TASK DIRECTIONS —
Return the lines that run from the line containing "A comparison of" through the end of the entries, both ends included. Leave out all pictures.

(Stored items)
━━━━━━
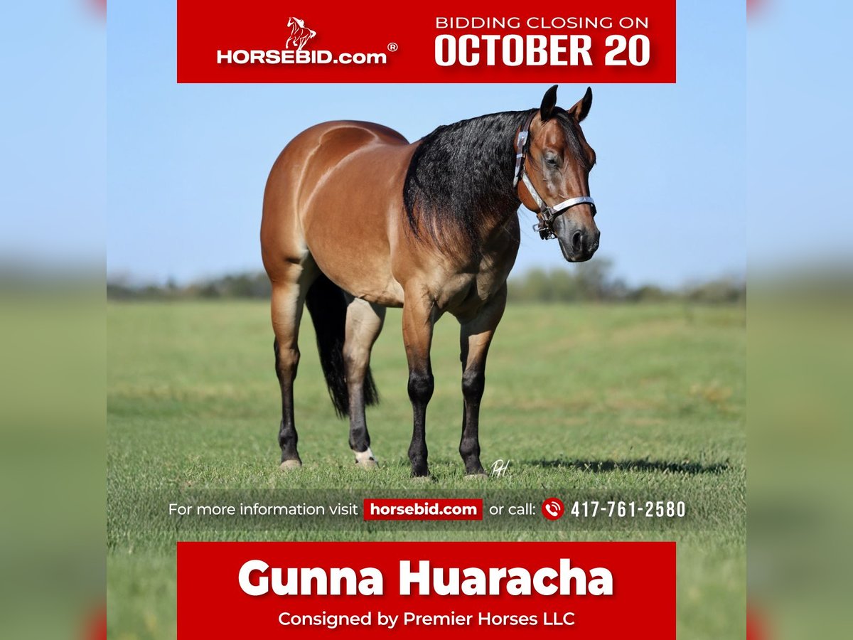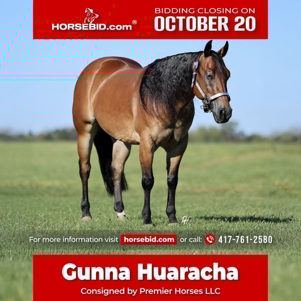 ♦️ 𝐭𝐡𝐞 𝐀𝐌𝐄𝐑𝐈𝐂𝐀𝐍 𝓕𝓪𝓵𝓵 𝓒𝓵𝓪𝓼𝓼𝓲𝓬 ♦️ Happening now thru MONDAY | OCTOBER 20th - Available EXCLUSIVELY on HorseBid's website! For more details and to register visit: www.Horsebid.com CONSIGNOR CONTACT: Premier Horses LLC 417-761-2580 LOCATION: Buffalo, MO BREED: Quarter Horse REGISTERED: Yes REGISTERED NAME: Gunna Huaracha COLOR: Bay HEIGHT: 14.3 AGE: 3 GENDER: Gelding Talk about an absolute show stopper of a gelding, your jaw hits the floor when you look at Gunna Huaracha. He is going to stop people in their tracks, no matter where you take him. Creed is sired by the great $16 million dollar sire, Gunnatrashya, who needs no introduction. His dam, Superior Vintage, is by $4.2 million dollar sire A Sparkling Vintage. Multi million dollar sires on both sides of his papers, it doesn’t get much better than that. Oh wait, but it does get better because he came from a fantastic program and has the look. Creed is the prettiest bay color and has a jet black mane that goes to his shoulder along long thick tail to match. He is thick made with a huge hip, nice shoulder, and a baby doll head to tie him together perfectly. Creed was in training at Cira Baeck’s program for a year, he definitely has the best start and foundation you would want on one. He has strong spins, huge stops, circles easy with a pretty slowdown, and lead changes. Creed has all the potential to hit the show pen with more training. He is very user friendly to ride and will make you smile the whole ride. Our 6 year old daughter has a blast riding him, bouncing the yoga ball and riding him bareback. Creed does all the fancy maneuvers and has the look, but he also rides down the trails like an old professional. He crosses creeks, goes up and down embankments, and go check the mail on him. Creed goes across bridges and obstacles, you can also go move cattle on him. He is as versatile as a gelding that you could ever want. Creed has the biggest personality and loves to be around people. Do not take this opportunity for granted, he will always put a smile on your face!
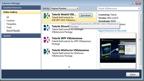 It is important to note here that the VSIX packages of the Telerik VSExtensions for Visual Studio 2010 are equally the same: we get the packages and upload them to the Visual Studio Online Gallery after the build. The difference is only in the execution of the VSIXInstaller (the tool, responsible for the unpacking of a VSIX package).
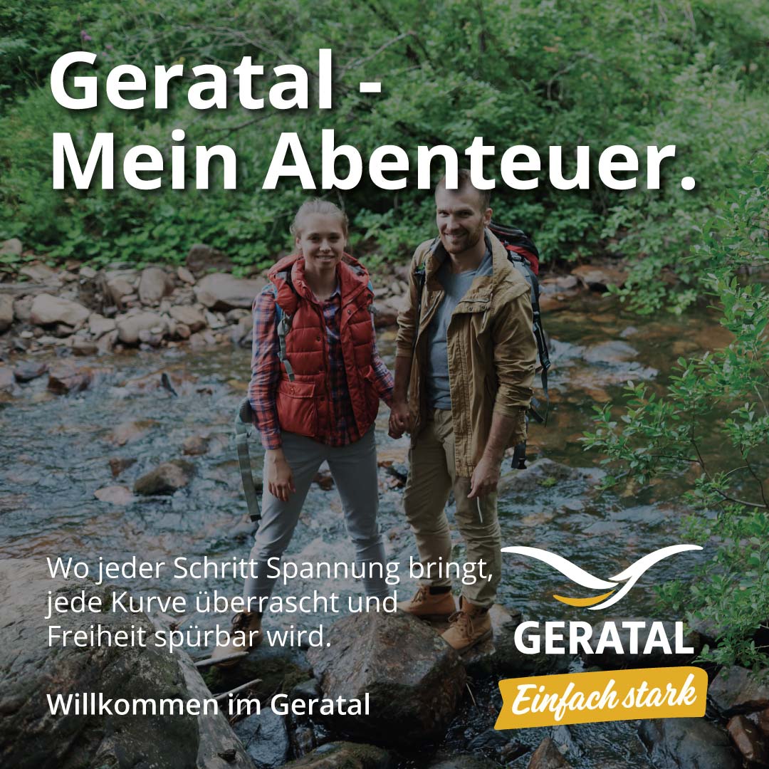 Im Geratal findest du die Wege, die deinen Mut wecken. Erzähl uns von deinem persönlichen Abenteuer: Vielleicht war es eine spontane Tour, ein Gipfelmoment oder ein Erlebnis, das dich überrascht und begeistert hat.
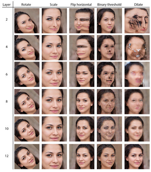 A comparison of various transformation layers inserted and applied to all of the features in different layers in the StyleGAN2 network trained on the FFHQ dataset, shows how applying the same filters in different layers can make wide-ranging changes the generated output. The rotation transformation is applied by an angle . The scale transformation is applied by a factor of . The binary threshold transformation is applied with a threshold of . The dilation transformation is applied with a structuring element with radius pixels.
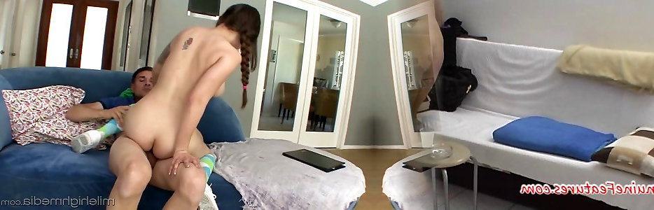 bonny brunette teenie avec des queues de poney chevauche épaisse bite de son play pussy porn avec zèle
━━━━━━
EXERCISE ANSWER —
 A comparison of various transformation layers inserted and applied to all of the features in different layers in the StyleGAN2 network trained on the FFHQ dataset, shows how applying the same filters in different layers can make wide-ranging changes the generated output. The rotation transformation is applied by an angle . The scale transformation is applied by a factor of . The binary threshold transformation is applied with a threshold of . The dilation transformation is applied with a structuring element with radius pixels.
 bonny brunette teenie avec des queues de poney chevauche épaisse bite de son play pussy porn avec zèle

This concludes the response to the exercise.